Rain falls outside of the American Falls District Library while Bureau of Reclamation officials Mike Beus, left, and Clyde Lay answer questions during a May 18 community meeting regarding the region's water supply and Snake River system water quality. Beus says recent storms should help with both the supply outlook and quality in American Falls Reservoir.

AMERICAN FALLS, Idaho — Idaho water managers say wet early May weather has provided a much needed reprieve for irrigators, who were forced to start drawing from storage nearly a month earlier than normal.

Mike Beus, water operations manager for the Bureau of Reclamation’s Upper Snake Field Office, said during a May 18 water outlook meeting hosted at American Falls District Library the combination of increased inflows due to recent precipitation and reduced irrigation demand has likely bought his region’s irrigators at least an extra week of supply.

He said reach gains have been especially strong into Lake Walcott in Rupert.

“(Accumulation) has been at least an inch almost everywhere,” Beus said. “We had been drafting storage, and this rain has allowed us to store again.”

To start January, BOR forecast runoff through July 31 would be 109 percent of normal. The outlook deteriorated in the ensuing months, however, due to extremely dry and warm weather. By May 1, BOR projected runoff for the same seven-month period at just 76 percent of normal.

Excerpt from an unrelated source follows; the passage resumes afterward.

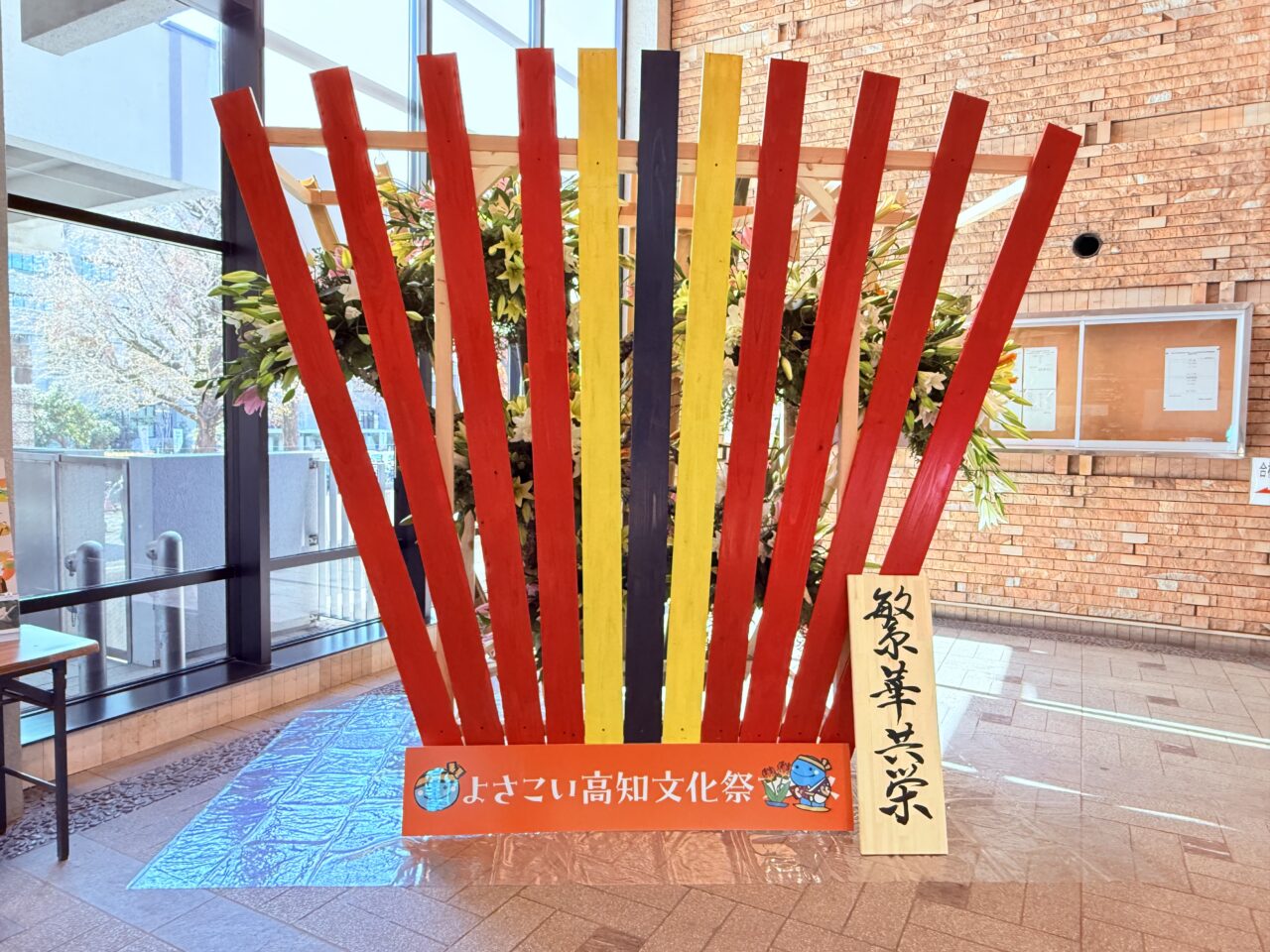 まずは高知県庁へ!2025年12月17日に1階エントランスに「よさこい高知文化祭2026」をテーマにしたオブジェと高知県産のユリの花が飾り付けられました。正面からだとわかりづらいですが、オブジェの後ろにはユリの花がいっぱいです。12月22日15:00まで展示されています。

But storms have arrived, and the forecast calls for continued rain through the end of the month.

Through May 19, the Blackfoot, Willow and Portneuf drainages had already received 125 percent of their full monthly moisture, according to Ron Abramovich, water supply specialist with the Natural Resources Conservation Service. The Oakley Basin was already at 116 percent of normal May moisture, the Bear River was at 111 percent, Salmon Falls was at 96 percent, the Little and Big Lost drainages were at 95 percent, and the Upper Snake above Palisades was at 75 percent. Abramovich said in Yellowstone National Park, the Grand Teton Range, Magic Mountain south of Twin Falls, Pomerelle in Malta, and Oxford Peak near Malad, moisture has fallen as snow.

“The storm systems have really significantly reduced our usage of water. We got anywhere from 1.75 inches to 2.75 inches in our district across the board,” said Burley Irrigation District General Manager John Lind. “That’s cut our diversions down to a minimum for this time of year.”

The Upper Snake reservoir system was 83 percent full as of May 19. Before the storms arrived, Beus worried American Falls Reservoir levels would drop below 100,000 acre feet — a level at which BOR must start monitoring water quality for increased sediment levels under an agreement with the Idaho Department of Environmental Quality. He’s confident now the reservoir will remain above the threshold.

Beus said the rains have also helped restore volume as BOR releases 2,000 cubic feet per second below Milner Dam for obligatory salmon and steelhead flow augmentation.

“It’s looking OK, but the prospects for as good of carryover as we had coming into this year aren’t good,” Beus added.

According to a National Agricultural Statistics Service weekly crop progress report, moisture has improved growth of dry peas, oats and spring wheat, but rain also fell on many fields in which the first cutting of alfalfa was already down.